What to do: Once "빅뱅이 방탄을 넘으려면 어떻게 해야하는지 알려주면 좋겠다" turns up in a line below, reproduce that line and those after it exactly, stopping after the line with "Kolorovaná soška svatého"; leave pictures out.

Data for analysis:
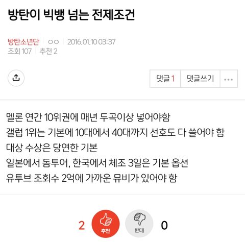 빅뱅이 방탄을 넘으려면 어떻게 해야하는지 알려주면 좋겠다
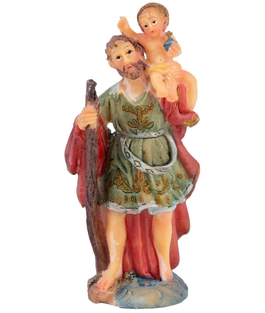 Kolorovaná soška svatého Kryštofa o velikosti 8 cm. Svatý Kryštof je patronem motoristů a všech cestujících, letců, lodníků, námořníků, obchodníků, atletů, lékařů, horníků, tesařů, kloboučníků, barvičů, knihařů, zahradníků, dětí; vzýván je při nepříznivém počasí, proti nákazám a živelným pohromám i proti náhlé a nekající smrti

* * *

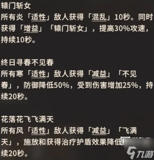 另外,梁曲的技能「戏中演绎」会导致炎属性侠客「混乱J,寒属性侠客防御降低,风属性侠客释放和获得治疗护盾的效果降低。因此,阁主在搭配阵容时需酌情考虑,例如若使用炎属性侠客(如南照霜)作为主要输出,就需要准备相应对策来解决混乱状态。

---

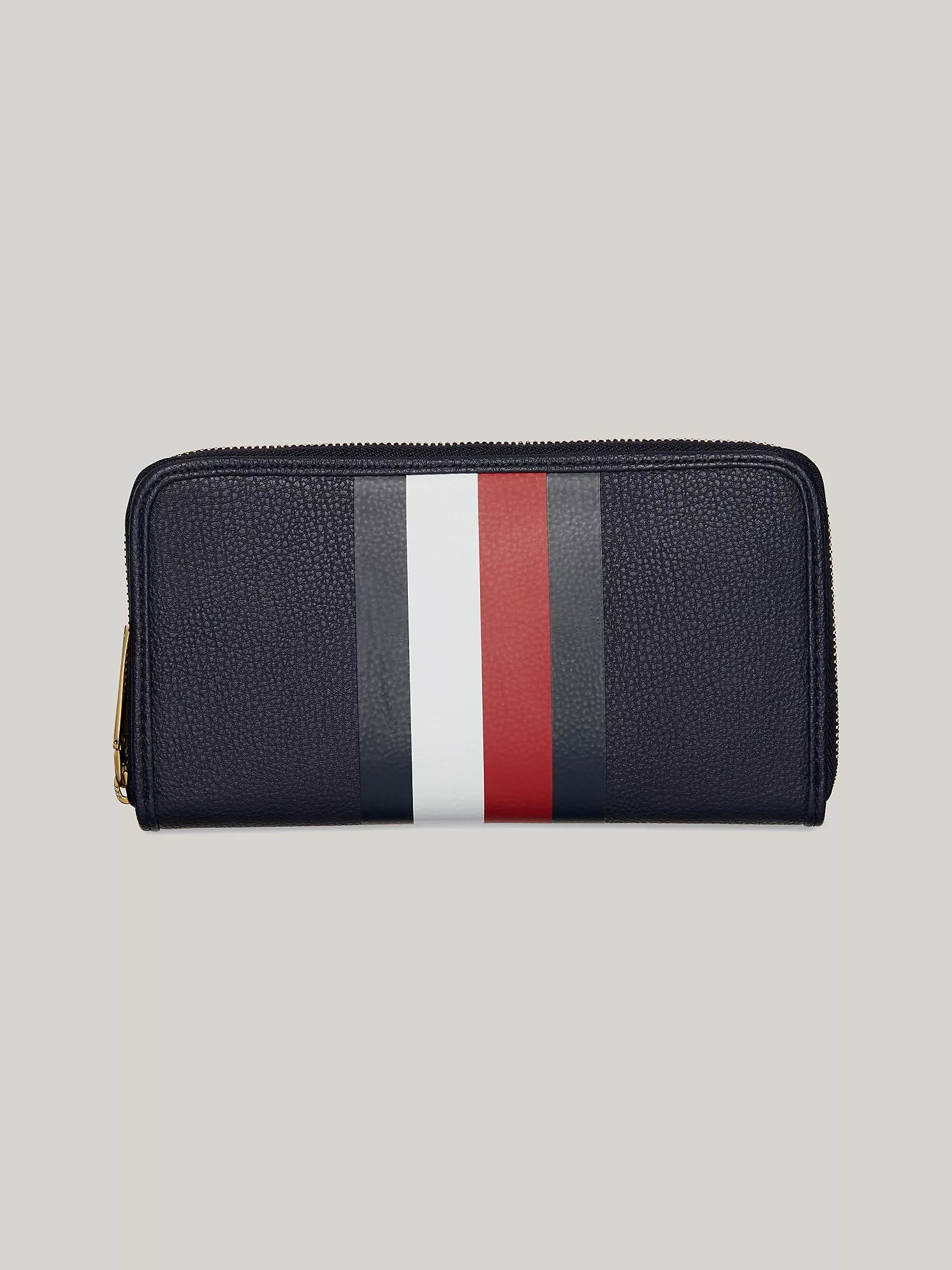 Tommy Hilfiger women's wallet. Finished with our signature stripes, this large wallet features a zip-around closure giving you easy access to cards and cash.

Answer:
 빅뱅이 방탄을 넘으려면 어떻게 해야하는지 알려주면 좋겠다
 Kolorovaná soška svatého Kryštofa o velikosti 8 cm. Svatý Kryštof je patronem motoristů a všech cestujících, letců, lodníků, námořníků, obchodníků, atletů, lékařů, horníků, tesařů, kloboučníků, barvičů, knihařů, zahradníků, dětí; vzýván je při nepříznivém počasí, proti nákazám a živelným pohromám i proti náhlé a nekající smrti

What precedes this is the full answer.